What Java Version are you using?
openjdk 21.0.5 2024-10-15 LTS OpenJDK Runtime Environment Temurin-21.0.5+11 (build 21.0.5+11-LTS) OpenJDK 64-Bit Server VM Temurin-21.0.5+11 (build 21.0.5+11-LTS, mixed mode, sharing)
What is your operating system and platform?
Ubuntu 20.04 docker host
Container image based on Ubuntu 22.04. Dockerhub: tomcat:9.0.90-jdk21-temurin-jammy
How did you install Java?
Docker image from https://hub.docker.com/_/tomcat, which uses eclipse-temurin:21-jdk-jammy
Did it work before?
Work on the following versions:
openjdk 21.0.1 2023-10-17 LTS
OpenJDK Runtime Environment Temurin-21.0.1+12 (build 21.0.1+12-LTS)
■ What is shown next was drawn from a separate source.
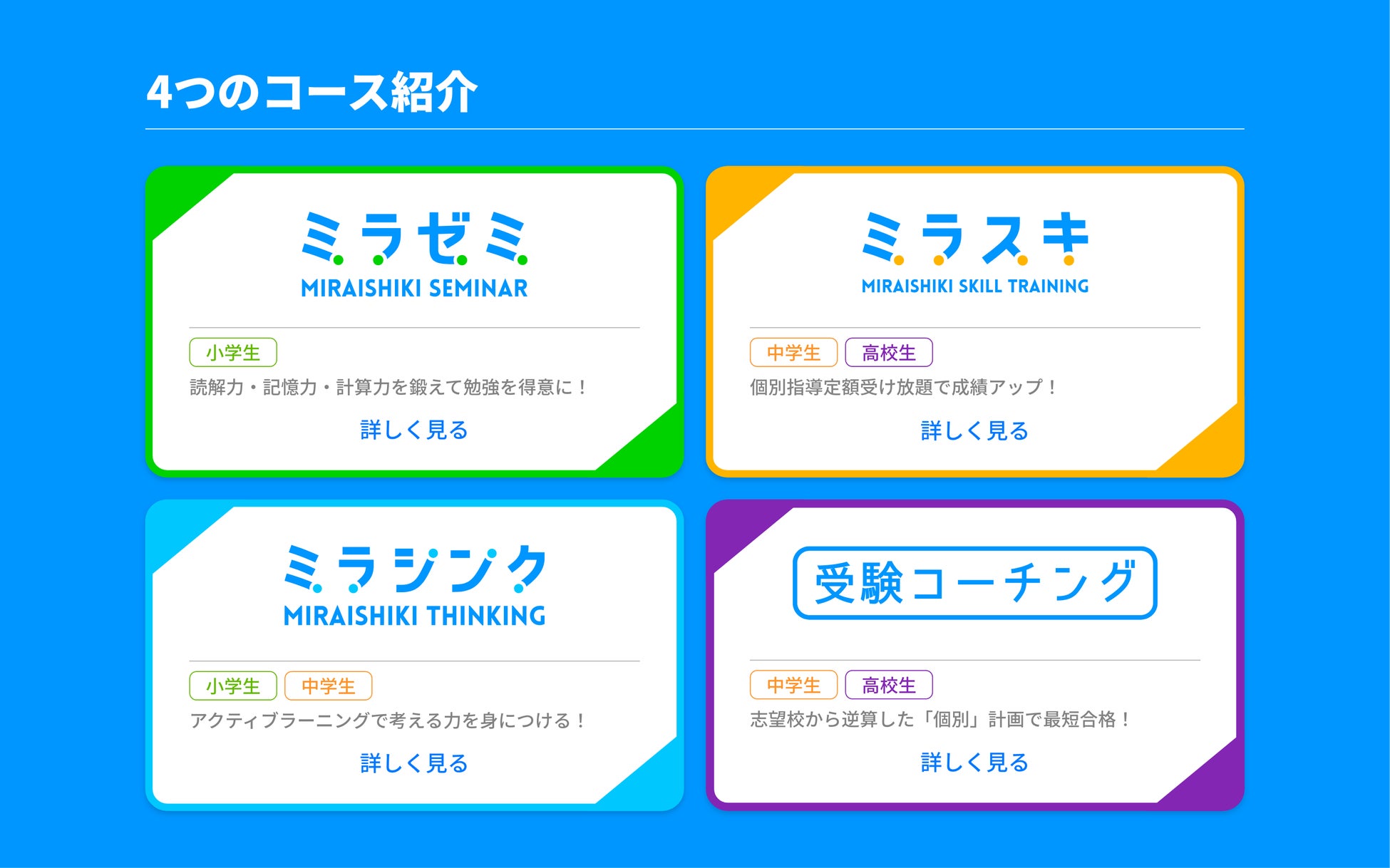 「ミライ式」ブランドのもと、以下の4コースを展開します。

OpenJDK 64-Bit Server VM Temurin-21.0.1+12 (build 21.0.1+12-LTS, mixed mode, sharing)
openjdk 21.0.2 2024-01-16 LTS
OpenJDK Runtime Environment Temurin-21.0.2+13 (build 21.0.2+13-LTS)
OpenJDK 64-Bit Server VM Temurin-21.0.2+13 (build 21.0.2+13-LTS, mixed mode, sharing)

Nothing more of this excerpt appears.